Exercise description: From the entries that follow, reproduce exactly and only the lines from the line with "Bomnedhalets funktion er, at" to the line with "Goth Gray-Based Black", endpoints included.

Data under study:

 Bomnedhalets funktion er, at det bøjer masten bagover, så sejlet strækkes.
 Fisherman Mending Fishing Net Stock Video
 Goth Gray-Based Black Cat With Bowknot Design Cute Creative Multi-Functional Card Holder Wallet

==

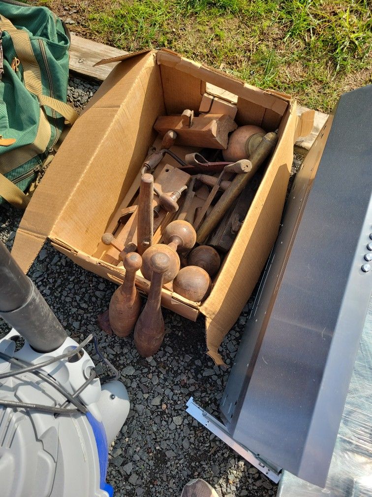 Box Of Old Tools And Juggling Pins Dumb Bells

--

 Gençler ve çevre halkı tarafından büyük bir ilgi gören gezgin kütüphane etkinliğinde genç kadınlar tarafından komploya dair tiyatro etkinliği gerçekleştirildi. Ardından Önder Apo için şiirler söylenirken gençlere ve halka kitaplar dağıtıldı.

Answer to this problem:
 Bomnedhalets funktion er, at det bøjer masten bagover, så sejlet strækkes.
 Fisherman Mending Fishing Net Stock Video
 Goth Gray-Based Black Cat With Bowknot Design Cute Creative Multi-Functional Card Holder Wallet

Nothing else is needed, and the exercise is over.